Allow me to introduce the first guest blogger at Medicine for the Outdoors. My good friend and colleague, Dr. Jeffrey S. Peterson, is an Assistant Professor of Surgery in the Division of Emergency Medicine at Stanford University Hospital. He is also the Founder and Sports Medicine Physician at Innovative Sports Medicine in Mountain View, California, and is a Medical Specialist Instructor of Urban Search and Rescue for the State of California Office of Emergency Services, as part of the Federal Emergency Management Agency. Jeff has long had a great interest in wilderness medicine, and in particular, athletic events conducted under challenging environmental conditions. In 2006 he served as a Race Physician for endurance races in the Atacama desert of Chile and the Gobi desert in China. An avid triathlete, he personally has completed two Ironman triathlons. Jeff was asked to serve as physician for the recent Running the Sahara event, in which three runners ran for 111 days through Senegal, Mauritania, Mali, Niger, Libya, and Egypt, covering more than 4,300 miles (6,920 kilometers). Jeff graciously agreed to share a bit of his diary with us, which will be presented here in six installments.

RUNNING THE SAHARA, by Jeffrey S. Peterson, MD

Part 1

ON November 2, 2006, a team of three runners stepped from the Atlantic Ocean and onto the beach at St. Louis, Senegal. Their intention was to run all the way across the Sahara desert and end at Suez, Egypt, in hopes of publicizing the water needs of the people of the Sahara to the larger world. Water in the region is running out - wells today have to be dug as much as 10 times as deep as in the past, due to a rising population and more industry depletion of the Sahara’s ancient and virtually un-recharging aquifers.

This expedition was followed by a film crew, to be made into a documentary film. I was the physician for the runners, their support teams, and the film crew. Once acclimatized, all three runners planned to cover 75 to 80 kilometers (49 to 52 miles) each day. As their physician, I was part of a larger support team that allowed the runners to concentrate on the hard work of logging their daily mileage. For all involved, the task was prodigious, and I’m happy to report that all three runners -Charlie Engle (44 years old), Kevin Lin (31), and Ray Zahab (38) - succeeded in their 6,920 kilometer (or 4,300 mile) quest.

Prior to departure, everyone was properly vaccinated and immunized for hepatitis, typhoid, tetanus, diphtheria, pertussis, and yellow fever. Malaria prophylaxis was provided, in our case Malarone, as all four varieties of malaria exist in West and North Africa. Still, several of the Africans providing services for the expedition had to be treated for malaria during the trip, using a three-day protocol of 4 Malarone tablets taken orally. In every instance, the treatment was successful.
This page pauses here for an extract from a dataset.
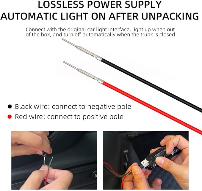 • Non-Destructive Installation: The trunk led light strip interior adopts the power connection method of pins, only need to connect the positive and negative wires to the original car lights, and then embed the light strip into the original adhesive strip in the tailgate, no need to break the wire installation.

Beginning in Senegal, extremely unhygienic conditions on the starting beach (human excrement and dead animals littered the sand), plus a mid-autumn heat wave that the runners were slow to acknowledge, nearly ended the run before it even began. Multiple film-crew members were treated for heat exhaustion.

In order to protect the runners and the expedition from succumbing to the heat, after the fourth afternoon I issued a medical edict: No running from 11AM to 4PM. My pronouncement resulted in a near-mutiny from the runners. It was on that day that I looked at expedition leader Donovan Webster, and simultaneously we said, “Looks like we’ll be home for Thanksgiving.”

Yet, remarkably, the edict held, and within days the expedition began to find its rhythm. On Day 10 of the trip, the runners notched their first 80 kilometer stretch, following proper acclimatization and a new schedule: wake at 4 AM, eat breakfast, beginning running at 5AM for roughly 50 kilometers, break for lunch and a rest, and finish the day’s run in the late afternoon and evening.

By then, we had entered Mauritania, where I continued to treat heat-related illness, mostly for Kevin Lin of Taiwan, who was not accustomed to these scorching conditions. Eventually, I was forced to provide twice-daily intravenous drips of normal saline over three days to relieve cramping and severe dehydration.